Este texto não se refere
apenas à destra de Iahweh: afirma que os moradores de Meroz não saíram em
socorro de Deus. Naturalmente, a autora não considerava que Iahweh precisasse
de ajuda humana. Portanto, ela se referiu ao socorro dos homens numa figura de
ironia. Atribuiu aos moradores de Meroz a crença de que Iahweh só triunfaria
por meio do auxílio deles. E estendeu suas metáforas não só a Deus, mas
até aos homens quando desejou que os que o amam “brilhem como o sol”.
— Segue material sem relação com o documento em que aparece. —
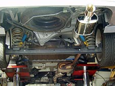 こちら横方向から全体を捉えたもの。 リアシャーシのリジットを避ける曲げがある以外は 横方向も真っ直ぐに作られています。 縦方向と合わせ、かなり理想的な取り回しと言えます。 |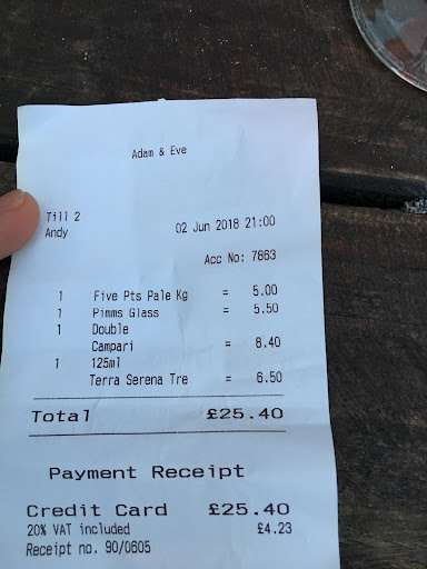 Ā Ā Ā Read moreSo I love Adam and Eve itās a great pub itās beautiful inside. However they have this new Thai Street food menu which we tried today. Erm really disappointed. Itās very limited. However the portion sizes for what the mark up price is very stingy. We had the fried squid as a starter and I swear they used a razor blade to get that squid as thin as they could possibly get away with. Then we had the deep fried chicken wings we totally left that the crust was so thick and soaked up so much oil we all left it. On the menu it really bigs up Thai french fries emphasising theyāre double crispy with this and that on top. They were just as crisp as normal french fries, so nothing special. Then we had some noodle thing with tofu quite bland. Massaman curry was absolutely gorgeous but you had to order rice separate and the potion of rice is tiny and there was another dish canāt remember name but it was Ā£11 on menu it was so small it came on a side plate. The portions are very very very stingy thereās some flavour there in some dishes it looks better than it tastes. We were on the Eat out to help out scheme and the bill came to Ā£60 ish odd and cost Ā£30 so we were overall happy if we actually had to pay Ā£60 for it then no we wouldnāt got back. Itās my local the menu before was amazing and the roast dinner has always been next level off the scale! Hopefully this will be intergrated back. Itās a beautiful pub and the staff are lovely worth a visit! Better with the...

O caráter progressivamente complexo
das figuras de linguagem empregadas nos textos produzidos nos povos em que se
deu a transição do politeísmo ao culto ao Deus único e nos cânticos da época de
fundação do monoteísmo confirma a tese de que a idolatria e o culto a múltiplos
deuses podem ter sido consequência da corrupção do sentido de termos figurados
sobre o único Deus, que tinham sido criados pelos sacerdotes em tempos muito
remotos. Se tiver sido assim, a História da Religião ficará iluminada por um
facho de luz nova, que permitirá compreender, mais adequadamente, por que
os primeiros lampejos de um sentimento desenvolvido de piedade foram inspirados pela ideia do Deus supremo, à qual os sacerdotes da época deram
desenvolvimento por meio de expressões figuradas, que outras pessoas
corromperam e empregaram em sentidos literais e referiram à matéria.O desenvolvimento do culto ao Deus único, do henoteísmo patriarcal ao judaísmo, o cristianismo e o islamismo, não mostra outra coisa: sempre que o emprego da linguagem figurada foi chancelado e pôde crescer livremente, no culto religioso, de modo a gerar ideias cada vez mais sofisticadas e abstratas, o monoteísmo e com ele a linguagem adquiriram um quilate intelectual inteiramente novo. Porém, onde o apego ao sentido literal das palavras se fortaleceu, como no fundamentalismo judeu, cristão e muçulmano, ele regrediu imperceptivelmente a cultos muito mais primitivos.